- Born: Douglas Geoffrey Robertson 31 December 1916 Kensington, London, England
- Died: 8 April 2005 (aged 88) Sheffield, Yorkshire, England
- Education: University of Cambridge
- Known for: Ideal theory
- Spouse: Rose Hilda Austin ​ ​(m. 1949; died 1992)​
- Scientific career
- Workplaces: University of Cambridge; University of Sheffield;
- Thesis: Tauberian theorems for functions taking values in Banach spaces (1949)
- Doctoral advisor: Frank Smithies

= Douglas Northcott =

British mathematician

Douglas Geoffrey Northcott, FRS (31 December 1916 – 8 April 2005) was a British mathematician who worked on ideal theory.

==Early life and career==
Northcott was born Douglas Geoffrey Robertson in Kensington on 31 December 1916 to Clara Freda (née Behl) (1894–1958) and her first husband Geoffrey Douglas Spence Robertson (1894–1978). His mother remarried in 1919 to Arthur Hugh Kynaston Northcott (1887–1952). In 1935, he legally adopted his step-father's surname.

He was educated in London, then at Christ's Hospital and St John's College, Cambridge, where he started research under the supervision of G.H. Hardy.

His work was interrupted by active service during World War II. Captured at Singapore, he survived his time as a prisoner of war in Japan, and returned to Cambridge at the end of the war.

Back at Cambridge, he published his dissertation "Abstract Tauberian theorems with applications to power series and Hilbert series ". He then turned to algebra under the influence of Emil Artin, whom he had met while visiting Princeton University. He became a Research Fellow of St John's College in 1948.

In 1949, he proved an important result in the theory of heights, namely that there are only finitely many algebraic numbers of bounded degree and bounded height. In analogy to this result, a set of algebraic numbers is said to satisfy the Northcott property if there are only finitely many elements of bounded height.

In 1952, he moved to the Town Trust Chair of Pure Mathematics at Sheffield University. He remained at Sheffield until his retirement in 1982, also serving as Head of Department and Dean of Pure Science.
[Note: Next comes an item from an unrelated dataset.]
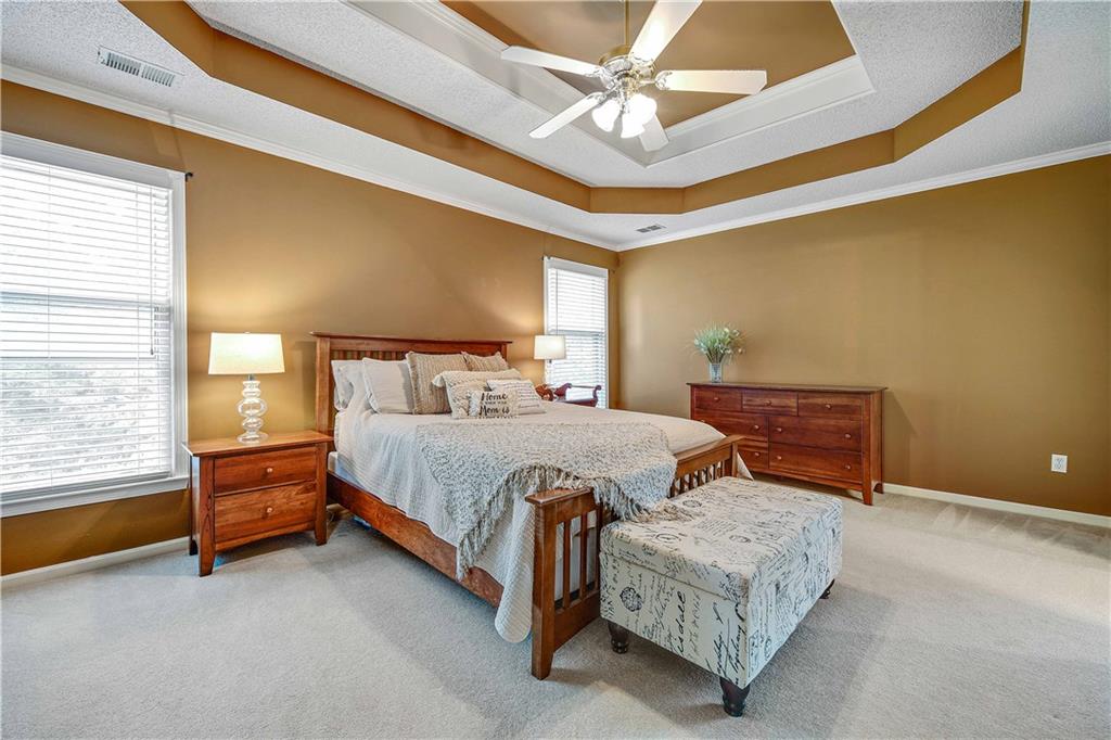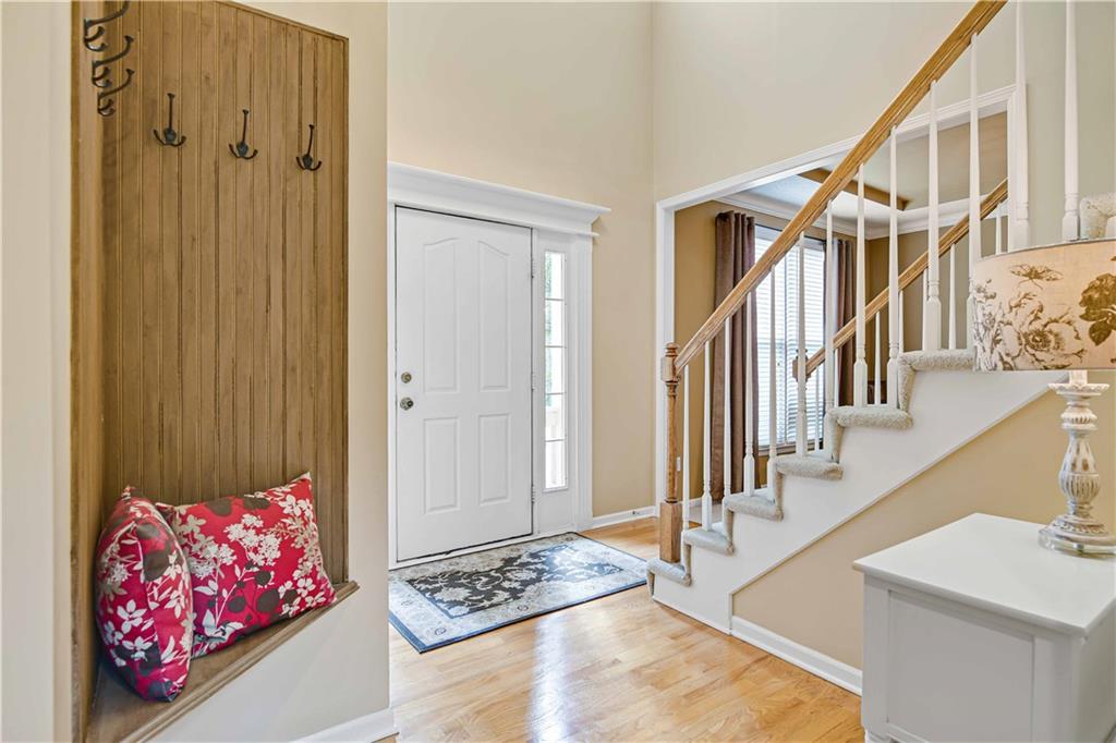 Perched atop a corner lot in the back of the coveted Northwood Trails Neighborhood, this 2-story is packed with ALL the upgrades and trimmings. Pride in ownership shines through every space from this one owner home. Love the outdoors? With this home's incredible custom sunroom addition, large covered porch, and tiered stamped concrete patio you can enjoy a low-maintenance retreat designed for outdoor leisure or entertaining guests all year long. As you step inside, you’re welcomed by soaring ceilings, and rich hardwood floors that flow seamlessly into this open-concept space. The kitchen transitions effortlessly into a spacious great room, where a striking fireplace creates a warm and inviting atmosphere. Formal dining room could easily be used as an office. Upstairs, an oversized master closet offers abundant storage, complemented by a generously sized hall bathroom and upstairs laundry room for added comfort and convenience. Light neutral tones throughout the interior lend a fresh, sophisticated charm, ready for your personal touch. The unfinished walkout basement expands your possibilities, featuring a RARE 3rd car side entry garage door... SO many opportunities for a hobby space / boat storage / home business... tailor it to your unique lifestyle! Never shovel snow again thanks to your southern facing driveway! Situated in a mature neighborhood, this home provides access to a refreshing community pool, picturesque trails—including the Gary Heller trailhead at the back, perfect for outdoor adventures—and a serene lake that enhances the natural surroundings. Served by the esteemed Olathe School District and just minutes from shopping, dining, and entertainment options, this move-in-ready property combines modern upgrades with timeless appeal. Don’t miss your chance to own this Northwood Trails gem—schedule a private showing today and envision the life that awaits you here!
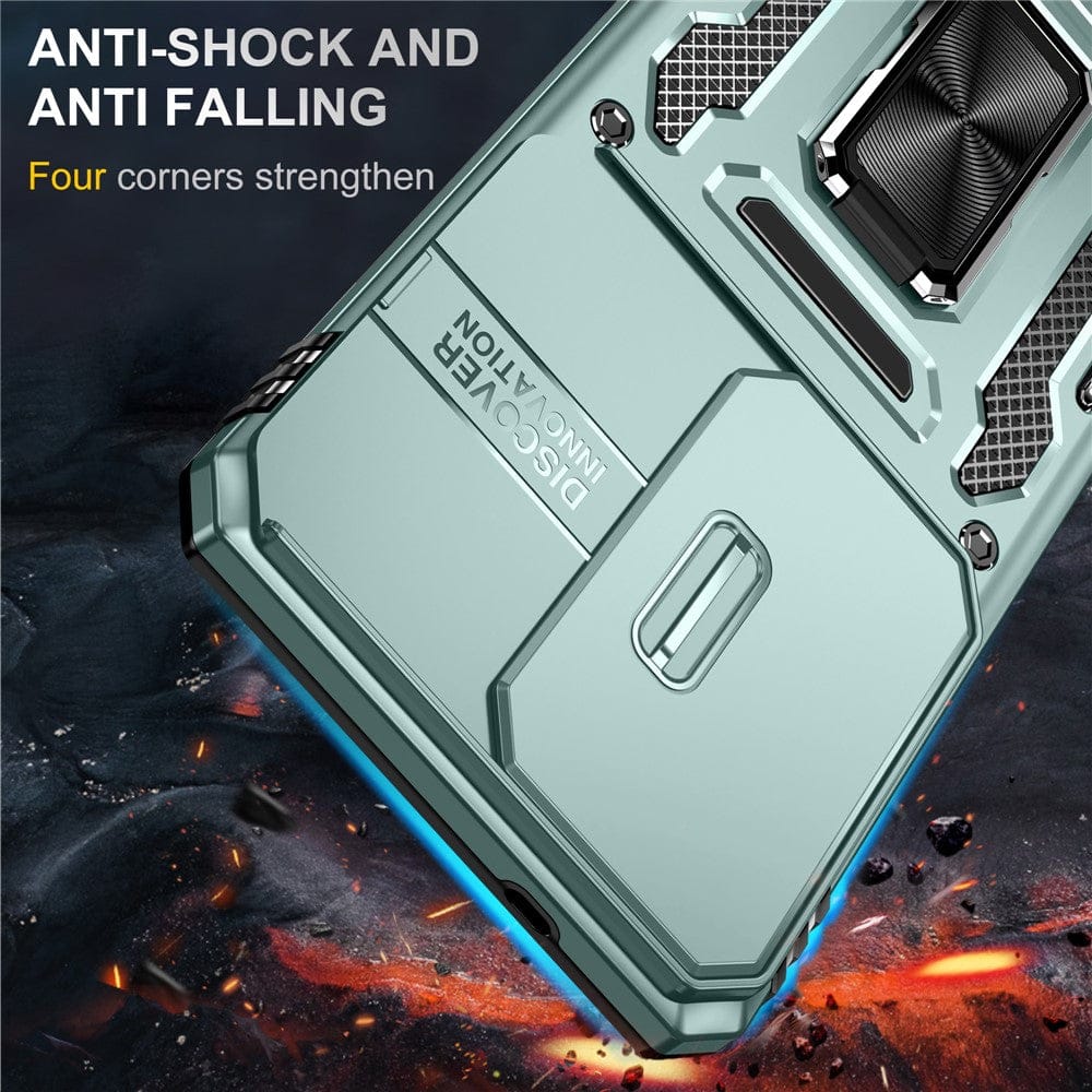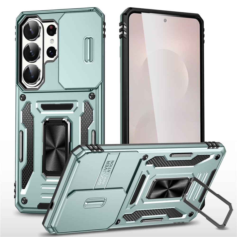 Main Image: Galaxy S26 Ultra in green case with ring stand – "Shockproof kickstand case for Samsung Galaxy S26 Ultra with camera slider"

In 1954, Douglas Northcott and David Rees introduced in a joint paper the Northcott-Rees theory of reductions and integral closures, which has subsequently been influential in commutative algebra.

==Awards==
Northcott was awarded the London Mathematical Society Junior Berwick Prize in 1953 and served as LMS Vice-President during 1968-69. He was elected Fellow of the Royal Society in 1961.

==Family life==
In 1949, at Cambridge, Northcott married Rose Hilda Austin (1917-1992), with two daughters, Anne Patricia (born 1950) and Pamela Rose (1952-1992).

== Publications ==
- Northcott, D. G. Multilinear algebra. Cambridge University Press, Cambridge, 1984. ISBN 0-521-26269-0
- Northcott, D. G. A first course of homological algebra. Reprint of 1973 edition. Cambridge University Press, Cambridge-New York, 1980. ISBN 0-521-29976-4
- Northcott, D. G. Affine sets and affine groups. London Mathematical Society Lecture Note Series, 39. Cambridge University Press, Cambridge-New York, 1980. ISBN 0-521-22909-X
- Northcott, D. G. Finite free resolutions. Cambridge Tracts in Mathematics, No. 71. Cambridge University Press, Cambridge-New York-Melbourne, 1976.
- Northcott, D. G. Lessons on rings, modules and multiplicities. Cambridge University Press, London 1968
- Northcott, D. G. An introduction to homological algebra. Cambridge University Press, New York 1960
- Northcott, D. G. Ideal theory. Cambridge Tracts in Mathematics and Mathematical Physics, No. 42. Cambridge, at the University Press, 1953.